When a hyperthread is forced idle and the other hyperthread has a single
CPU intensive task running, the running task can occupy the hyperthread
for a long time with no scheduling point and starve the other
hyperthread.

Fix this temporarily by always checking if the task has exceed its
timeslice and if so, for root cfs_rq, do a schedule.

Signed-off-by: Aaron Lu <ziqian.lzq@...fin.com>
---
 kernel/sched/fair.c | 5 ++++-
 1 file changed, 4 insertions(+), 1 deletion(-)

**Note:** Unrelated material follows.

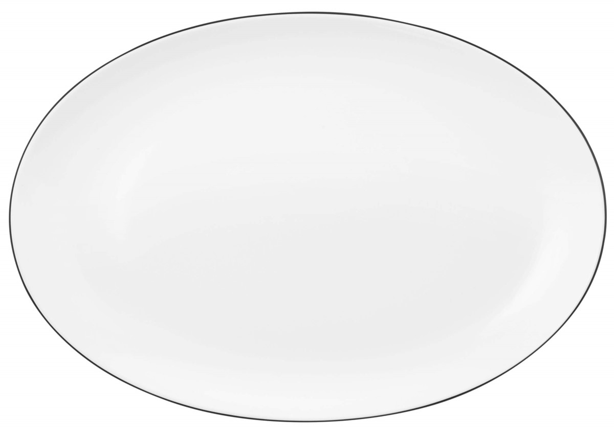Półmisek został wykonany z białej porcelany i ozdobiony subtelną czarną obramówką. Jest trwały i odporny na uszkodzenia. Jego zaokrąglone kształty, inspirowane włoskim stylem, przywołują wspomnienia z wakacji nad wodą. Łatwy do czyszczenia, półmisek zapewnia komfort użytkowania przez wiele lat.

diff --git a/kernel/sched/fair.c b/kernel/sched/fair.c
index 26d29126d6a5..b1f0defdad91 100644
--- a/kernel/sched/fair.c
+++ b/kernel/sched/fair.c
@@ -4011,6 +4011,9 @@ check_preempt_tick(struct cfs_rq *cfs_rq, struct sched_entity *curr)
 		return;
 	}
 
+	if (cfs_rq->nr_running <= 1)
+		return;
+
 	/*
 	 * Ensure that a task that missed wakeup preemption by a
 	 * narrow margin doesn't have to wait for a full slice.
@@ -4179,7 +4182,7 @@ entity_tick(struct cfs_rq *cfs_rq, struct sched_entity *curr, int queued)
 		return;
 #endif
 
-	if (cfs_rq->nr_running > 1)
+	if (cfs_rq->nr_running > 1 || cfs_rq->tg == &root_task_group)
 		check_preempt_tick(cfs_rq, curr);
 }
 
-- 
2.19.1.3.ge56e4f7